Но Катря снова перебила меня:

— Постой, я хочу, чтобы ты сам взвесил, необходимо ли это. Понимаешь, даже для того, чтобы разработать материалы, привезенные мною с Хан-Тенгри, я должна иметь пробу минералов из Ингодской котловины Яблонового хребта. Ты понимаешь, по предварительным данным тут наблюдается абсолютная идентичность? Так что без этой пробы я не могу делать выводов. — Катря волновалась и торопилась. — А не сделать этого, значит наша экспедиция на Хан-Тенгри была ни к чему. Зря растрачены время, работа, государственные средства… И моя диссертация тоже… А взяв пробу в Ингодской котловине, я смогу сделать выводы там, на месте, сразу же приступить к разведке на Яблоновом хребте и одновременно закончить диссертацию. Ну вот, ты и скажи…

— Что ж, — вздохнул я, — тут двух мнений быть не может. Тебе надо ехать.

Я слышал, что и Катря вздохнула.

— Спасибо тебе, милый. Но понимаешь, дорогой, я должна уже собираться и…

— Я уже бегу, — крикнул я, — и сейчас мы с тобой обо всем, обо всем поговорим!

Я быстро повесил трубку, но телефон под моей рукой сразу же зазвонил. Я машинально снова снял трубку:

— Алло! Я уже бегу! Бегу!

— Алло? Алло? — зазвучал совсем не Катрин голос. — Алло? Это клиника? Алло?

— Клиника. Я слушаю вас.

— Будьте добры, там у вас в операционной доктор. Передайте ему: пусть как только освободится, немедленно позвонит в институтскую лабораторию.

— Я у телефона, слушаю. В чем дело? Что случилось? — Но тут я узнал голос. — Мария Ивановна, это вы?

— Я, я, доктор! Я уже звонила вам домой. Я только сейчас заступила на ночную смену. Произошло недоразумение: Васса Павловна, которая дежурила днем, смотрела все время не на подопытный бульон, а на контрольную пробирку и…

— Ну, ну?

— И давала вам неправильные сведения…

— Ну?

— А я, как только пришла, посмотрела и… Доктор, бульон прозрачен…

— Что? — закричал я. — Что? Говорите громче, я вас плохо слышу!

— Он посветлел, доктор! Раствор прозрачен, как аква дистиллята. А контрольный — мутный, как…

Через пять минут я уже был в лаборатории. В пальто и в шляпе, позабыв даже снять галоши, я вбежал в рефрижераторную. Очевидно, лицо мое было страшным, потому что Мария Ивановна, встретив меня на пороге, преградила мне путь. Она погладила меня по щеке и попросила не волноваться. Потом взяла за руку и вывела обратно в переднюю. Там она заставила меня снять шляпу, пальто и галоши. И только тогда, взяв снова за руку, повела в лабораторию. Ноги мои скользили по холодному сверкающему паркету. В горле пересохло. Я не мог вымолвить ни слова.

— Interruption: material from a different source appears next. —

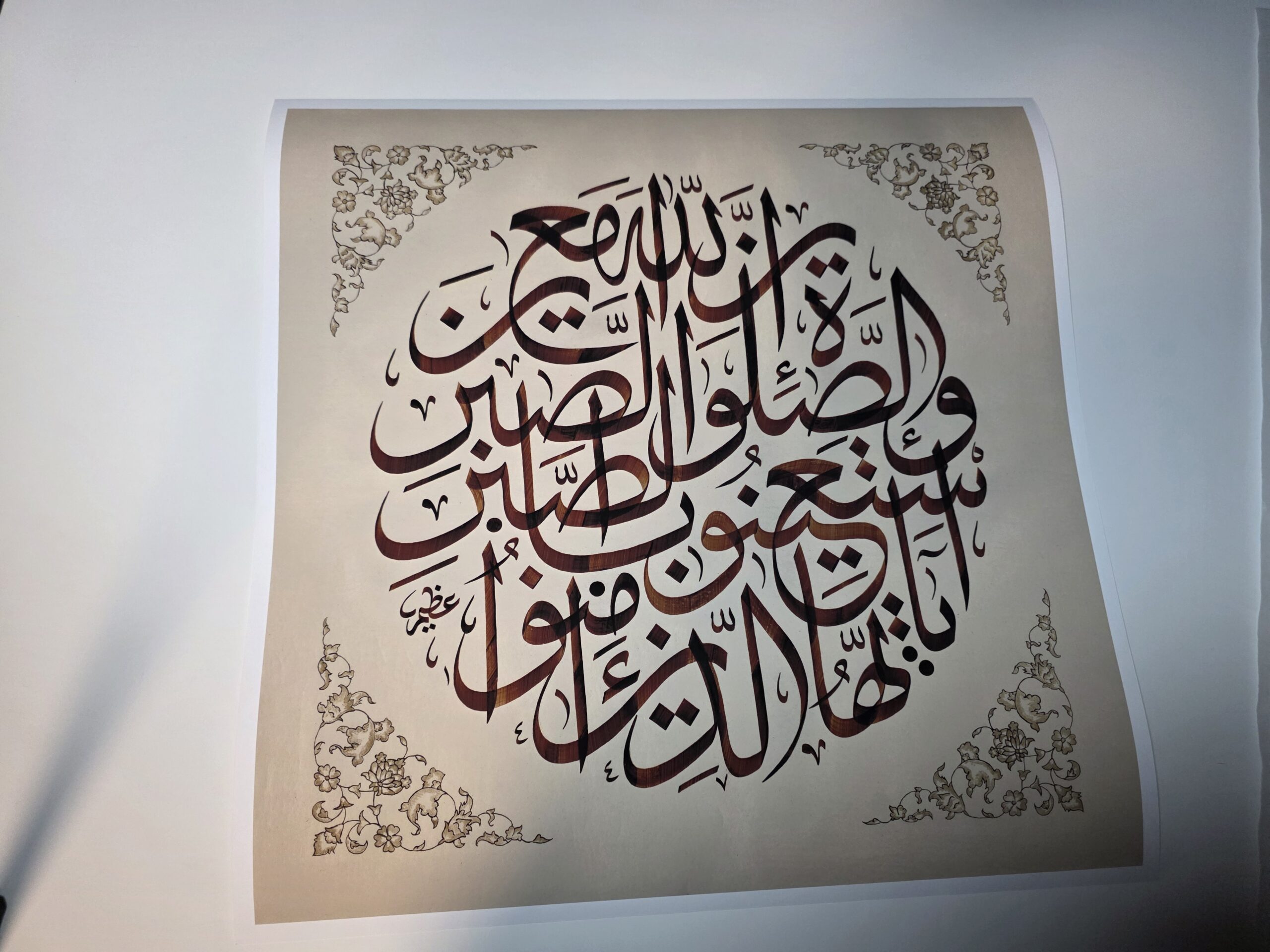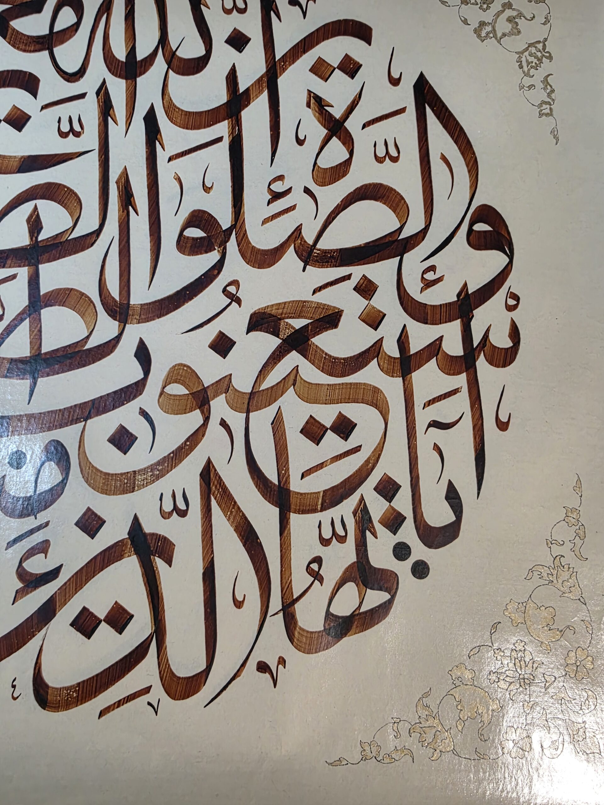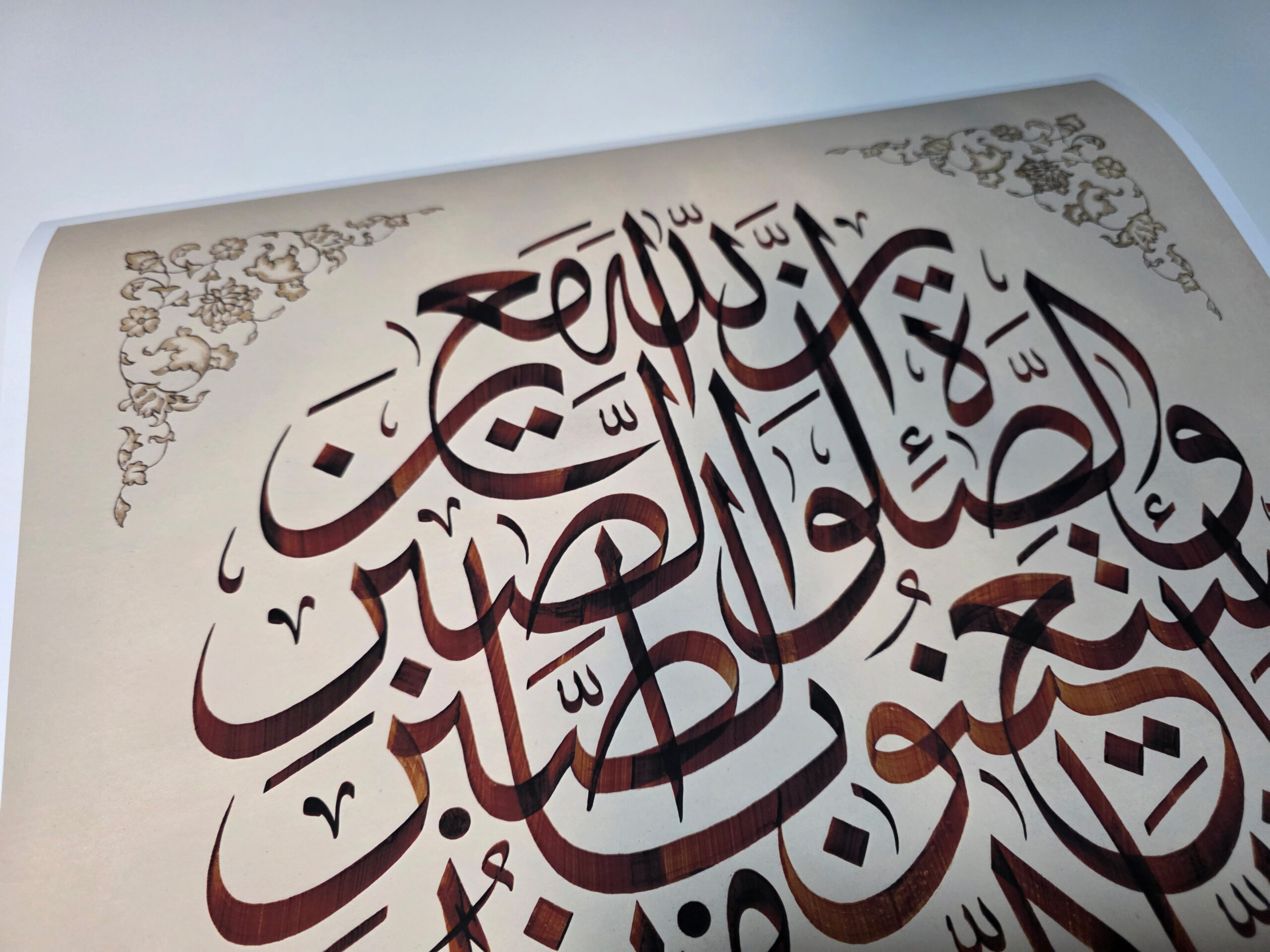 A powerful verse, original design by Azim Rehmat Din, completed in 2025. This original design is read from the bottom up, with “Allah”, God, placed at the top centre. Completed in brown ink, on traditional calligraphy paper, and ornamented with 22 carat gold.

Белые дверцы термостата открылись, и тут же возле термометра я увидел мою контрольную пробирку: жидкость в ней была мутной и рыжей. Спокойно, уверенной рукой Мария Ивановна отодвинула ее в сторону. Позади стояла другая пробирка — подопытная. Она казалась пустой — жидкость в ней была чиста и прозрачна, как само стекло. Только легкая зыбь на поверхности, когда рука Марии Ивановны коснулась стекла, показывала, что пробирка не пуста. Мария Ивановна вынула пробирку.

Я хотел ее взять, но Мария Ивановна отстранила мои руки и отрицательно покачала головой. Она не хотела дать мне в руки пробирку с моим пантафагом. Она не доверяла мне, я мог уронить ее, разбить.

Секунду, минуту, час или вечность мы стояли друг против друга молча и неподвижно. Голубые, усталые от долгой жизни глаза старой женщины смотрели на меня словно из потустороннего мира. Серебряная прядь на ее виске трепетала от дуновения вентилятора.

А я стоял перед ней и плакал.

Сквозь слезы я увидел ее лицо, оно возникло близко перед моими глазами. Мария Ивановна наклонилась и поцеловала меня в лоб. Потом мы уселись рядом на скамейке напротив термостата. Тихо шипело в кранах рефрижераторов, где-то постукивал электрический счетчик, в соседней комнате в раковине журчала струя воды, капли росы падали на пол со створок термостата. Было тихо; казалось, кроме нас двоих, никого нет на белом свете. За окном задребезжал трамвай.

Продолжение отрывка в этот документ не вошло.